I suggested the shop lights to you already. that's what I have always used on my tanks and see little reason not to. what I do is build a very simple long box out of wood about 4 inches deep and 8 inches wide and the length of the tank. then mount the shoplight in that and just sit it on top of the the tank with a glass canopy.


----------



## dZilla (Dec 30, 2010)

pistolpete said:


> I suggested the shop lights to you already. that's what I have always used on my tanks and see little reason not to. what I do is build a very simple long box out of wood about 4 inches deep and 8 inches wide and the length of the tank. then mount the shoplight in that and just sit it on top of the the tank with a glass canopy.
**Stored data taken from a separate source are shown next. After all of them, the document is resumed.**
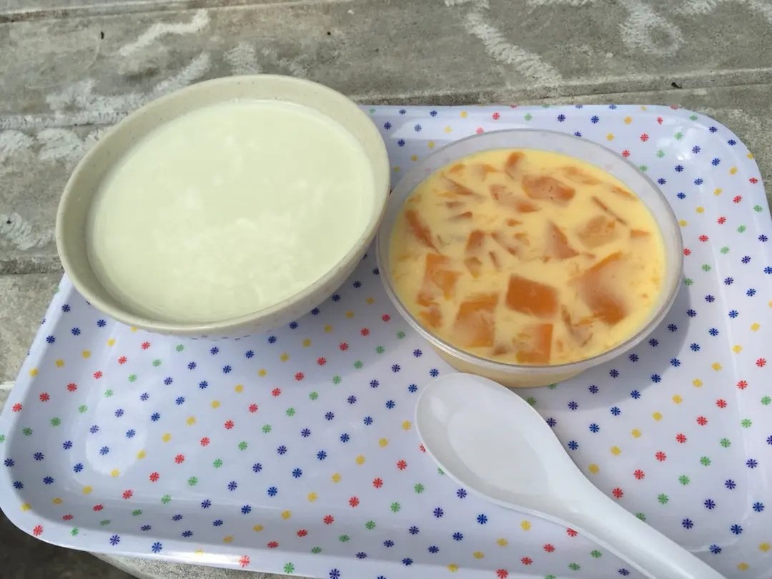 右,薑汁撞奶。左,鮮奶芒果布丁
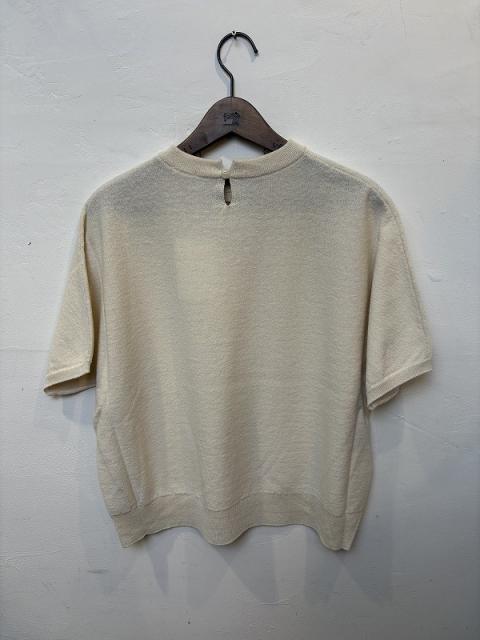 半袖プルオーバーは一見シンプルな半袖ニットですが、実はドルマンスリーブで、身頃脇を少し前にずらすことで、横から見た際にもスマートに見える仕様にしています。
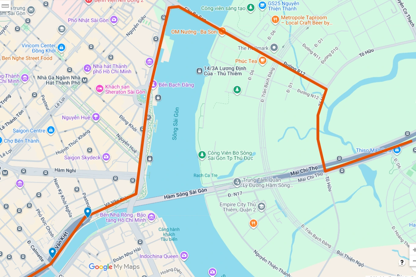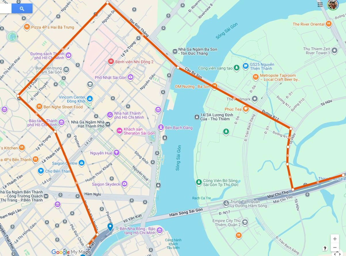 Mai Chí Thọ → Tố Hữu → R12 → cầu Ba Son → Lê Duẩn → Nam Kỳ Khởi Nghĩa → Võ Văn Kiệt.
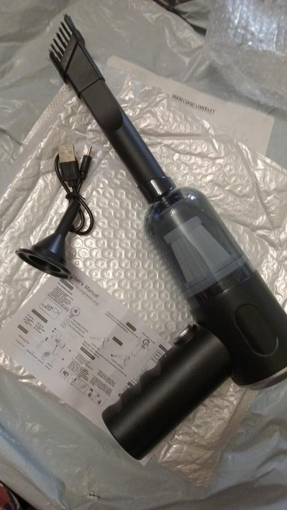 So small, but vacuums the car very well, easy to assemble, charges like a phone
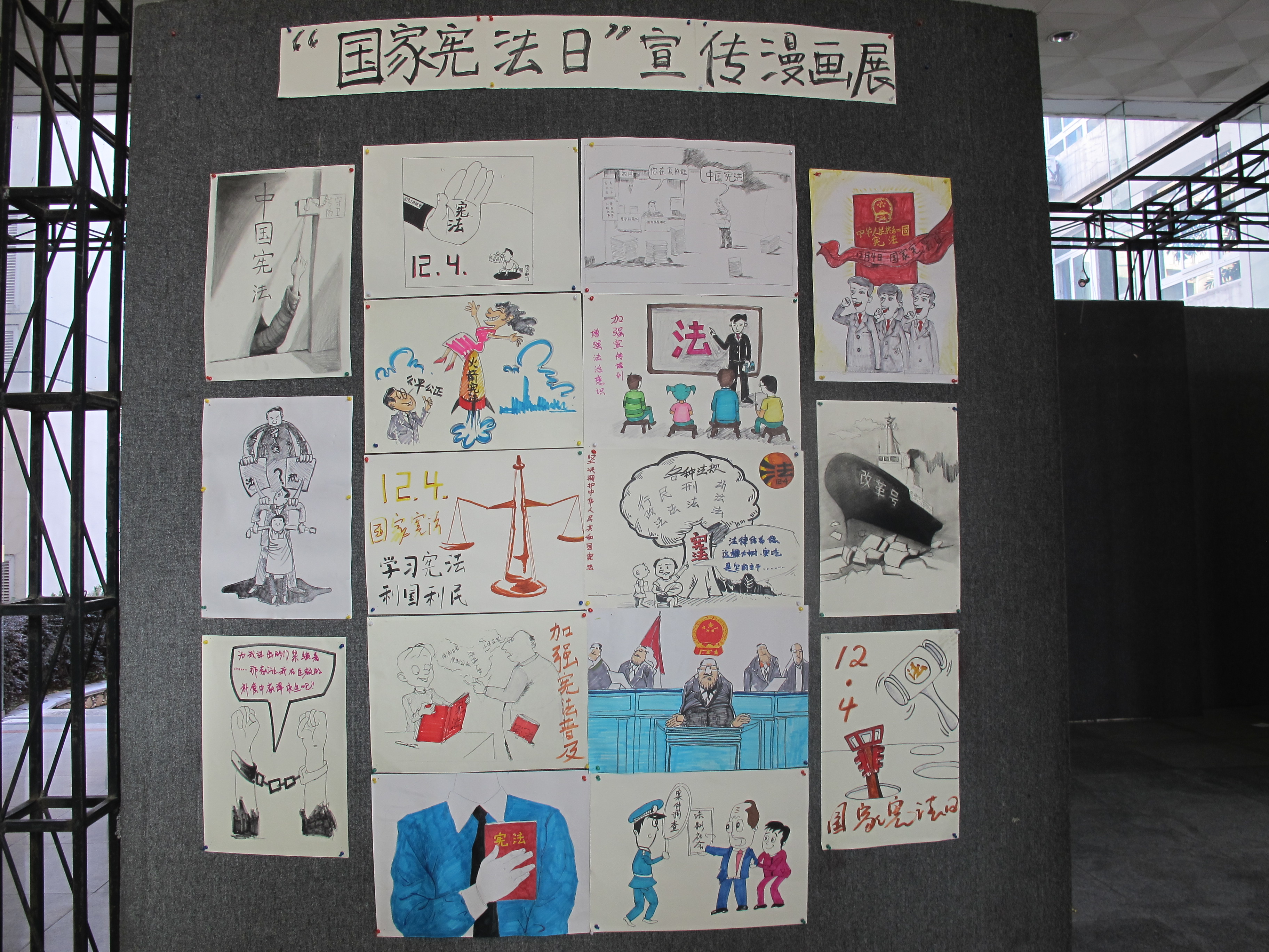 12月4日,为迎接我国首个“国家宪法日”,黑料网 团委学生会的学生结合专业开展“宪法宣传漫画展”,以同学们喜闻乐见形式,向全院师生宣传宪法知识,呼吁大家要知法、学法、懂法、护法,维护宪法法律权威,从实践做起,从自己做起,从点滴做起。

Hi pistol I know, and not that I don't believe you I'm more worried.. well I really don't know what I'm worried about. I guess my concern is like many 'new FW plant growers' I go get the shop lights (like I mentioned at home depot they have a double 48" fixture for 19.95$ [i'd get X2]) and things wouldn't work out, or I'd have issues with the bulb or god knows what, and in the end I'd be out 40$. I would really like the opinion of ppl on the forums. I might post this in in the plant section as well (admins if this is a no no please let me know)....
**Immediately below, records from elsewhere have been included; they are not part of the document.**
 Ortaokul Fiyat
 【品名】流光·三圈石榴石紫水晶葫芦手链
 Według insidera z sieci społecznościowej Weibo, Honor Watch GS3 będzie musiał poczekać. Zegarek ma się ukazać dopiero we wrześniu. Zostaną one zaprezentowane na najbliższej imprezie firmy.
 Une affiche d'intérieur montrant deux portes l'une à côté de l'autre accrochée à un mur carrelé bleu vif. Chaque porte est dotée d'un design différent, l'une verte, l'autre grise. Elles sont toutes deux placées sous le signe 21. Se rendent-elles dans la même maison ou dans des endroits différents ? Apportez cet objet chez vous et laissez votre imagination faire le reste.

Anyways I guess those are my concerns.


----------



## pistolpete (May 2, 2010)

The T5 and T8 simply refers to the diameter of the bulb and pin spacing. Otherwise the only difference is that thinner bulbs are slightly more efficient because of smaller re-strike. Different gas mixes in the bulb give different spectrum emissions. I find that daylight bulbs give the best compromise for color rendition and plant growth and cost. If your primary concern is plant growth you can mix in a couple of the warmer grow lamps.

The only issue with shop lights is that they are not designed for wet locations and need to be protected from excessive condensation, hence the glass recommendation.


----------



## fryingpan (Feb 13, 2011)

WE went to rona and got what is called a work shop light. it is a 48" twin bulb that hangs from the ceiling and it cost use $18 and $2 for the chain to hang it. canadian tire has the exact same ones but want $28 for theirs.


----------